By Kent Engelke
Chief Economic Strategist

Market Commentary

Perhaps the $64,000 question will there be an European Contagion
May 10, 2010

Perhaps the $64,000 question will there be an European Contagion similar to the Panic of 2008?  By definition sovereign debt issues are considerably more debilitating than corporate issues.  As stated Friday I believe growth in the American economy has the potential to prevent the contagion from spreading.

Speaking of growth April’s employment report was considerably stronger than expected despite a misleadingly large rise in the unemployment rate that itself contained some elements of strength.  Over all nonfarm payrolls rose 290K for the best showing in just over four years and the previous two months were revised up by a total of 121K.  Nonfarm payrolls have now increased four consecutive months and five out of the last six.

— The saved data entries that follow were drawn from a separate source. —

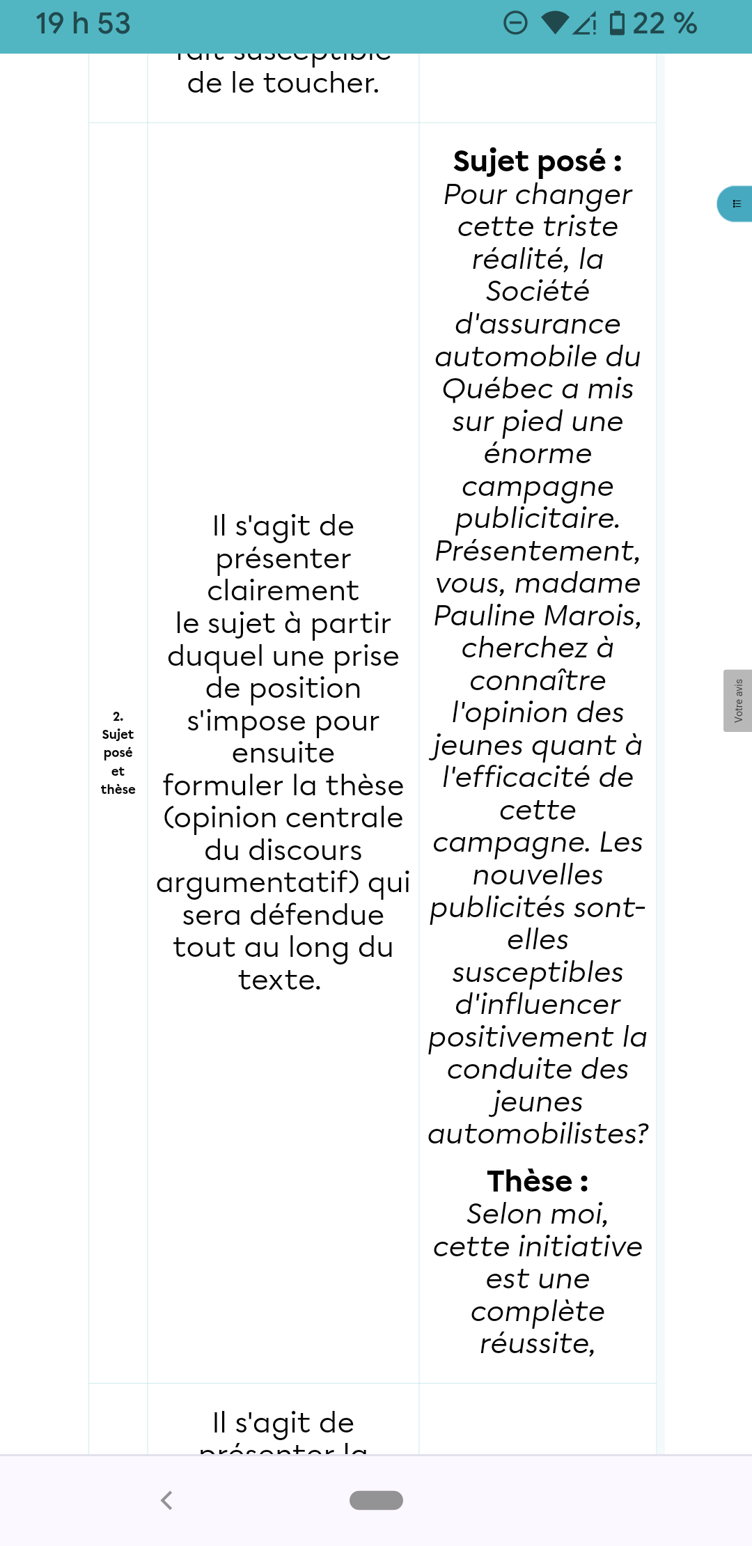 Secondaire 4 • 1aBonjour Laurie c je me sens incompris parce que vous parlez de la thèse tandis tce n'est pas ça que je parlais. Ce que je en comprends pas est Pour changer..... automobilistes je en comprends la façon qu'on la écrit je sais que je dois mentionner le sujet mais je ne sais pas comment faire une phrase. Merci quand c'est explicatif ou argumentatif je n'arrive pas à faire le sujet posé mais pas le texte explicatif j'arrive. La thèse j'ai comprisaid pas cette partie là sujet posé merciLa thèse j'ai compris la question est-ce que le sport est bénéfique pour les jeunes . Pourquoi je n'arrive pas. Parce que je trouve étrange de faire un sujet posé parce que on ne peut pas décrire dans largumentatid on doit argumenter et le texte explicatif sujet posé on doit expliqué et je ne sais pas comment faire le sujet posé tandis que dans le texte explicatif j'arrive parce que pour moi décrire j'arrive à faire le sujet posé merci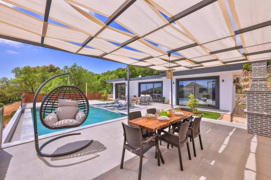 This private pool villa in Kaş Bayındır is an excellent choice for families with children and honeymoon couples. Surrounded by nature, it provides complete privacy, a spacious pool terrace, and a comfortable, stylish interior, ensuring a relaxing and unforgettable holiday.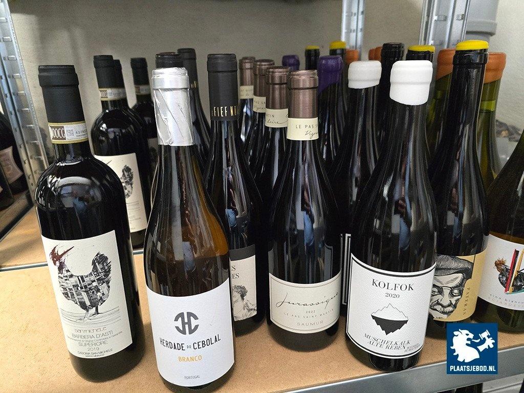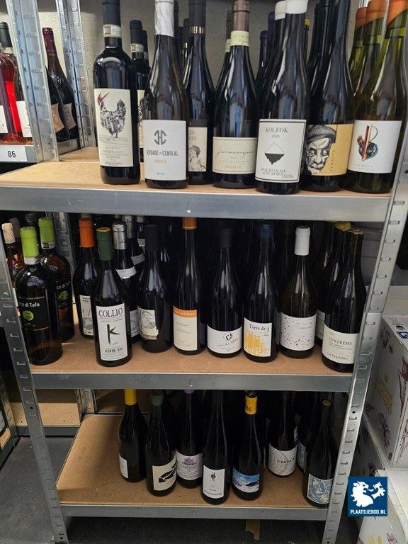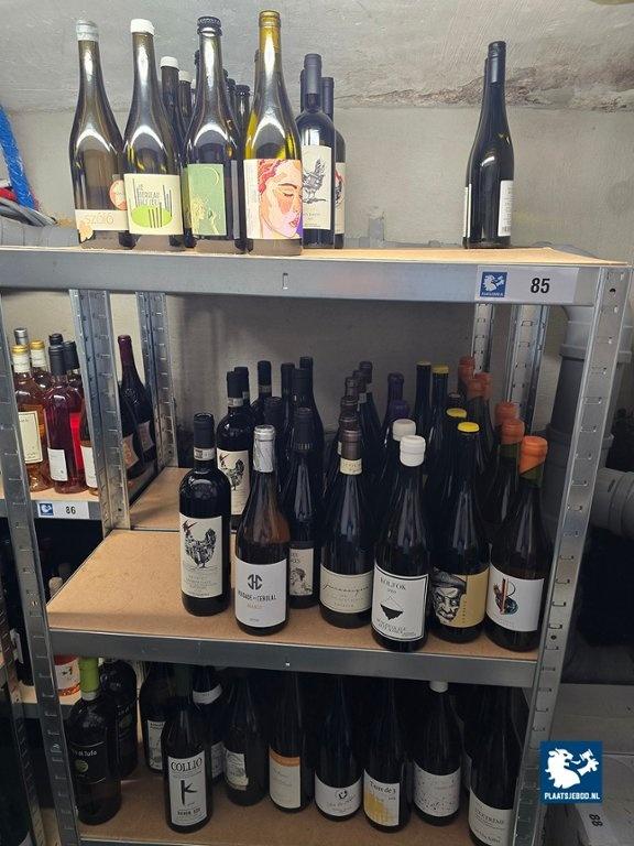 2 x Sectie wandstelling met ca. 115 flessen diverse rode- en witte wijnen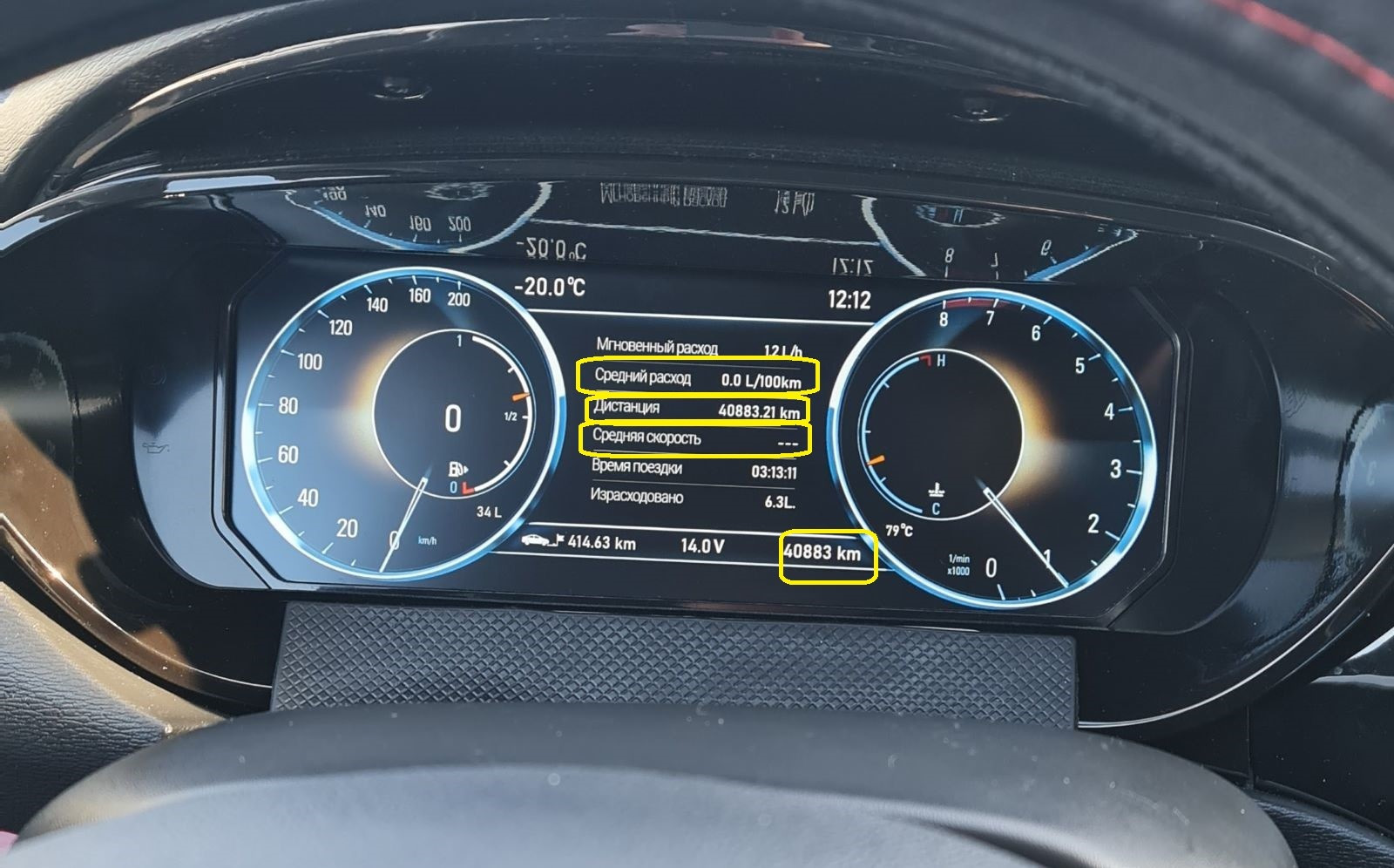 Ну думаю новая, надо время, хотя на родной приборке дневной пробег я мог сразу увидеть и сбросить, естественно средний расход и среднею скорость то же начинали показывать не мгновенно, а через 2-5 км пробега. На третий день показался средний расход и средняя скорость, обрадовался, ну думаю настроилась все ок, хотя часы убежали уже в отставании на 3 мин (при этом приборка подключена к инету по раздаче с телефона). Каждый день эксплуатировать авто не получается в связи с графиком основной работы, так что в неделю выезжаю на два три дня. Как-то придя в гараж после 5 дней «простоя», завел авто, приборка не запустилась… Заглушил, включал выключал зажигание – «ноль», пока не обнулил снятием клеммы аккумулятора, только после этого включилась.
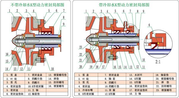 5、UHB-ZK-A系列耐腐耐磨泵,可根據(jù)用戶的要求安裝不同的密封。若無(wú)特殊要求,一般均裝配K型動(dòng)力密封。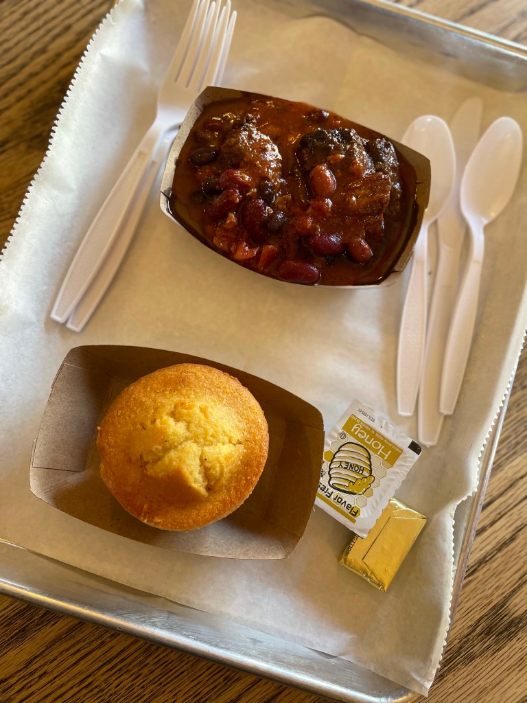 What to get: Burnt End Chili and Honey Cornbread Muffin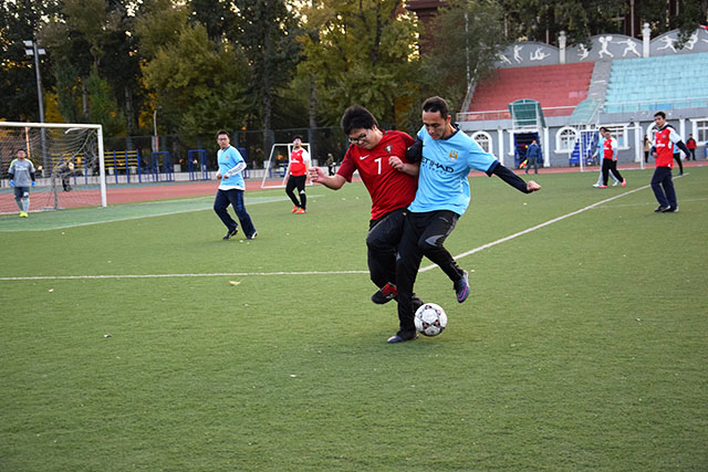 上半场比赛中,我方多次精彩长传和射门赢得了看台上观众们热烈的掌声和助威声。下半场我方重新调整队形、变换策略,由之前的保守踢法,转换成了进攻的态势。最终植科6:0战胜了生物公司。

Private payrolls rose by 231K in April versus the consensus estimate of a 100K increase, the largest gain since March 2006.  The prior month was gain was also revised higher thus three month average gain in private payrolls is 156K.  As inferred above government hiring contributed less to the April total than many had thought.

The unemployment rate printed a four month high of 9.9% up from 9.7% from March.  I must write March’s actual rise was 9.749% and the April rate was 9.863%.  The deterioration was concentrated in the 20-24 year old segment and 55 plus workers.  The rate for prime 25-54 cohort eased a tenth to an 8.7% rate.

Also the overall increase in the headline rate mainly reflected a jump in participation rate as a strong 550K rise in household survey was simply outweighed by an 805K increase in labor force suggesting workers are more optimistic about finding a job and therefore are reentering the work force.

I will write I was disappointed with a flat reading in average hourly earnings but increases in the overall and factory workweek were encouraging.

Amongst industry sectors factory jobs rose by 44K, the biggest gain in almost 12 years and construction hiring was positive for a second straight month.  Temporary workers also rose.

As stated above I think this was a surprisingly upbeat report, indicating a healthier labor market. 

Are these gains sustainable? I think yes as companies loathe hiring extra workers given nervousness in the economy and global markets.

Speaking of nervousness, stocks were extremely volatile again Friday over contagion fears.  There were rumors that European banks were hesitant to trade with one another.  Bond spreads were all over the place suggesting great fear and perhaps liquidity concerns.

Late Friday afternoon there was a rumor that the G-7 would make available a line of credit of $750 billion to any bank that may need it, as many as 1000 banks at 1% for one year.  The question is where will this money come from?  The IMF could raise it the credit markets or the Central Banks can extend it but this would be inflationary.  However that is not the issue at the moment.  The issue at hand is the calming of the financial markets.

In my view volatility was amplified by questions surrounding the integrity of America’s trading infrastructure given Thursday’s much publicized issues. Moreover many were/are scared of having open positions over the weekend given the potential fluidity of the events remembering fall 2008 when it appeared the financial landscape changed dramatically each weekend for about six weeks.

What will occur this week?  The economic calendar is moderate.  Trade gap, inventory levels, capacity utilization/industrial production, sentiment survey and retail sales are released.

Last night the foreign markets rocked as the EU unveiled an unprecedented loan package worth almost $1 trillion to stop a sovereign debt crisis.  The ECB also stated it will buy government and private debt.  London was up 5.21%, Paris up 8.92% and Frankfurt up 4.93%.  Japan was up 1.60%and Hang Sang up 2.54%. 

Can I suggest the financial landscape did change radically over the weekend?

The immediate liquidity issues have been solved.  The issue now is solvency.  Can the European social democracy curtail spending?

The Dow should open sharply higher perhaps as much as 300 points.  Based upon casual an observation, the last time I remember the markets opening higher this sharply was following the 1987 stock market crash.  I was in the industry for a about 18 months at that time. The 10-year is off 1 11/32 to yield 3.59%.

The information is the personal views of Kent Engelke and is not necessarily indicative of those of Capitol Securities Management. The information contained herein has been compiled from sources believed to be reliable; however, there is no guarantee of its accuracy or completeness. Any opinions expressed here are statements of judgment on this date and are subject to certain risks and uncertainties which could cause actual results to differ materially from those currently anticipated or projected. Any future dividends, interest, yields and event dates listed may be subject to change. An investor cannot invest in an index, and its returns are not indicative of the performance of any specific investment. Past performance is not indicative of future results.